Regulierung von Vorteil
Trotz all der neuen Verbote und Einschränkungen könnte die aktuelle Regulierungswelle der Industrie letzten Endes zugutekommen, indem sie mehr Anlegern aus unterschiedlichen Bereichen Investitionen ermöglicht und höhere Sicherheit gewährleistet. So unliebsam es auch sein mag, doch alleine eine transparente steuerliche Behandlung könnte eine gewisse Klarheit liefern und zum weiteren Wachstum der Branche beitragen. Wie Mike Novogratz, Gründer von Galaxy Digital erst kürzlich klarstellte: „Wir brauchen eine Regulierung, das mag in KryptoKreisen eine unpopuläre Meinung sein, aber wenn man Institutionen dazu bringen will, sich der Revolution anzuschließen, braucht man eine gewisse Regulierung.“
Schreckgespenst FATF
Kürzlich schloss die Financial Action Task Force (FATF), ein supranationales Gremium zur Bekämpfung von Geldwäsche, ihre zweite jährliche Überprüfung der Fortschritte bei der Umsetzung eines Rahmens für Kryptowährungen ab und sorgte damit für Unsicherheit in der Branche. Laut FATF hat die Mehrheit die Anforderungen noch nicht umgesetzt und die Nachzügler wurden somit aufgeforderert, dem nachzukommen. FATF hatte vor zwei Jahren empfohlen, Kryptowährungsunternehmen, sogenannte Virtual Asset Service Provider oder auch VASPs, in ihren regulatorischen Rahmen einzubeziehen.

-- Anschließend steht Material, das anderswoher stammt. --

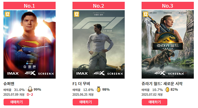 ‘슈퍼맨’ 전체 예매율 1위 굳건.. 극캉스 이끄나?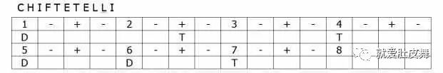 这个节奏起源于土耳其,是土耳其风格中东舞常用的节奏之一,现在的部落融合风也经常使用,8/4拍的节奏与2/4,4/4拍节奏相比较情绪会更加缓和、粘连。Chiftetelli这个节奏如果拆分成前后4拍两部分来观察就会发现前4拍类似于放慢速度的Malfouf。观察3个重音的点位,感觉就像放慢的Saidi,温柔放松的同时又向前推进的力量。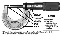 - شناسایی موقعیت خطی صفر استوانه یا غلاف متحرک میکرومتر که در امتداد خط صفر استوانه ثابت قرار گرفتهاست و ضرب تعداد آن به ۰٫۰۱ میلیمتر میباشد.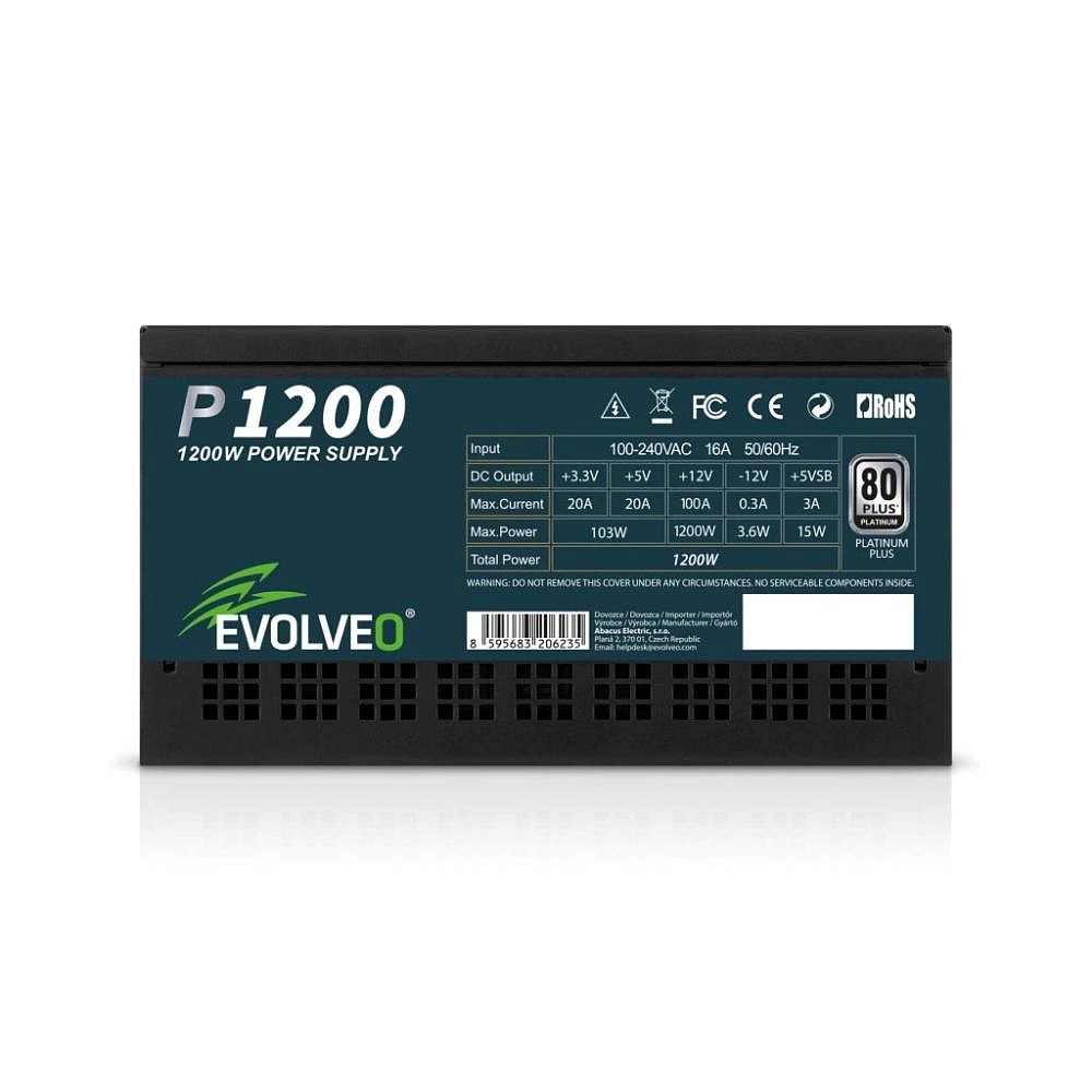 PC zdroj EVOLVEO P1200-BK je hrdým držitelem certifikace 80 PLUS Platinum, která slibuje až 94% účinnost (při běžném 50% zatížení). Minimální ztráty energie a nízké zahřívání jdou přitom ruku v ruce s tichým chodem 140mm HDB ventilátoru – ten má mezi hřídelí a ložisky speciální olejovou vrstvu a jeho tření je nepatrné, takže hlučnost zůstává na minimu. S tímto zdrojem vás zkrátka hučení ventilátoru neruší – slyšet je jen svištění kol vaší formule nebo řinčení zbraní vaší armády.
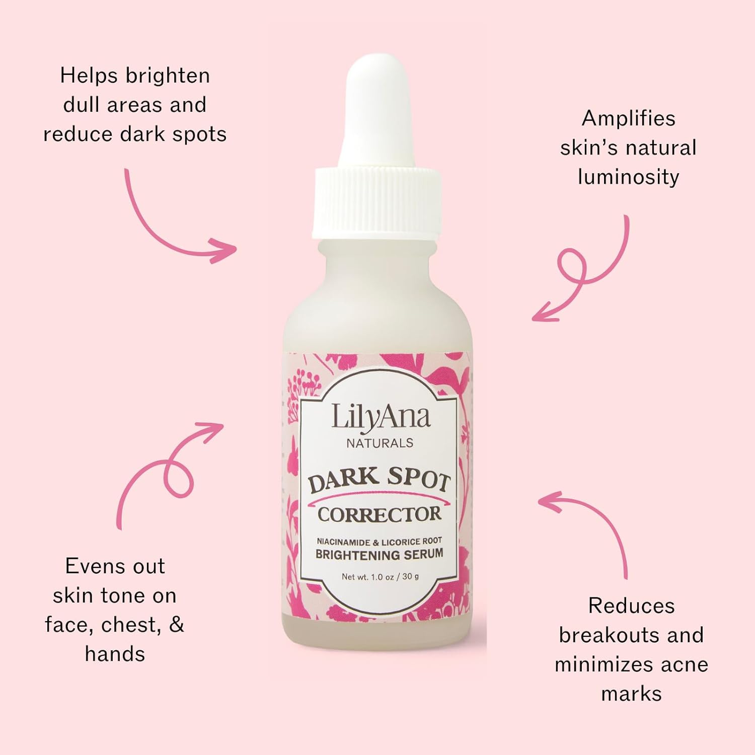 LilyAna Naturals Dark Spot Corrector - Dark Spot Remover for Face - Brightening Face Serum for Women and Men - Niacinamide and Licorice Root -1oz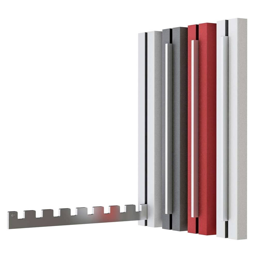 Ausgeklappt präsentiert der Edelstahl-Arm 8 Aussparungen, die auch Kleiderbügel mit dickerem Haken-Querschnitt aufnehmen. Bei Nichtgebrauch wird der Haken eingeklappt und die Schiene magnetisch fixiert.
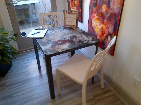 We did some printed table tops for Grosfillex to display at a gallery event they were involved with in Lancaster. “The table tops fit perfectly and look really nice. Thanks again!”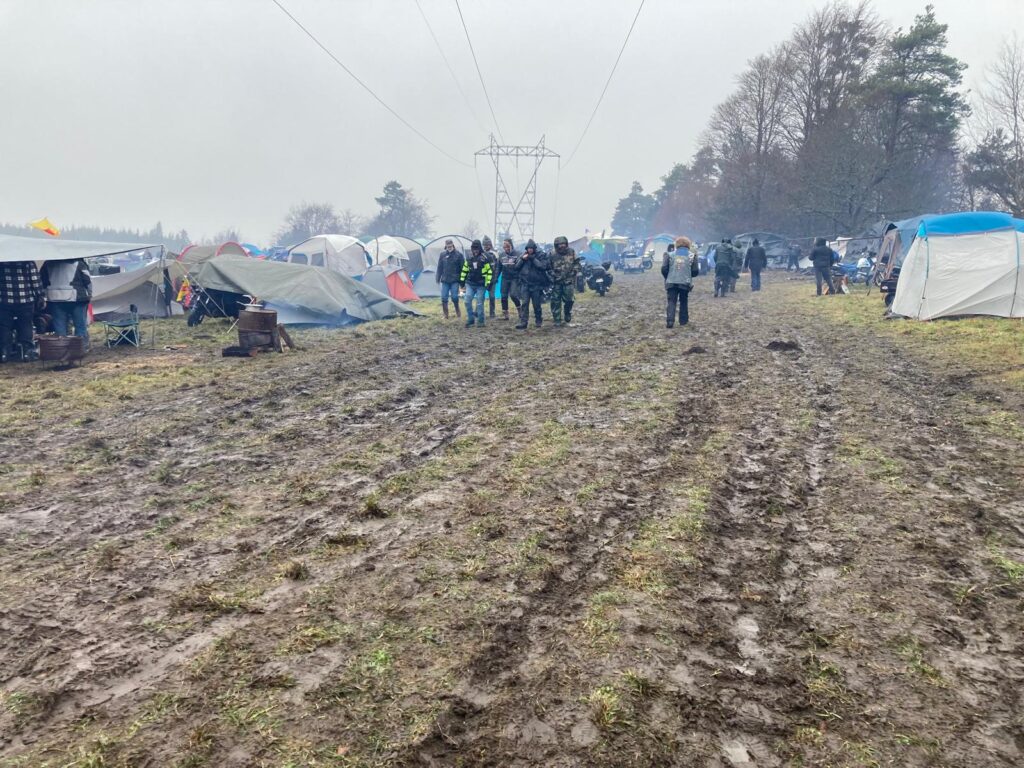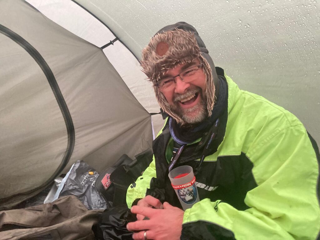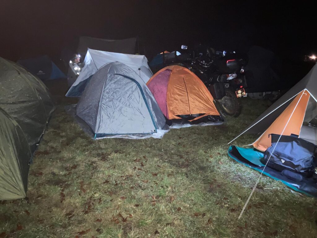 Bim, dans la merdasse. Je remonte et reperd l’équilibre sur la droite : Pas de jaloux dans la gadoue. J’envisage de rester là, mais il y a déjà beaucoup de monde et, bon, on préfère m’aider à aller plus loin. Moins gras, pas de chute, on fini en haut du champs pour l’installation nocturne des guitounes : Cette année, j’en ai pris 2. Une pour moi et une pour mes équipements. Je pense que c’est une bonne option de confort.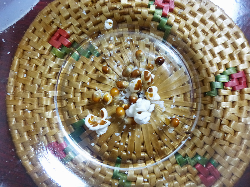 ちなみに弾け切れていないポップコーンも、固いながらなんとか食べることができます。物によってはかなり固いけど…。

Dies hat damals die Branche vor Herausforderungen gestellt, insbesondere in Bereichen wie der „Travel Rule“, einer Vorgabe, die VASPs dazu auffordert, personenbezogene Daten ihrer Kunden zu erheben und bei Transaktionen gewisser Höhe zu teilen. Nicht unbedingt einfacher gestaltete sich die Umsetzung der Vorschriften mit dem Aufkommen der sich immer schneller entwickelnden Bereiche von Decentral Finance (DeFi) und Stablecoins. Der Vorwurf der Branche auf den letzten Leitlinienentwurf der FATF, dass die Regulierungsbehörden einen zu breiten Ansatz verfolgen würden und so Innovationen verhindern, führte dazu, dass die Organisation nun die VASP-Regeln erst bei ihrer nächsten Plenarsitzung im Oktober endgültig machen will.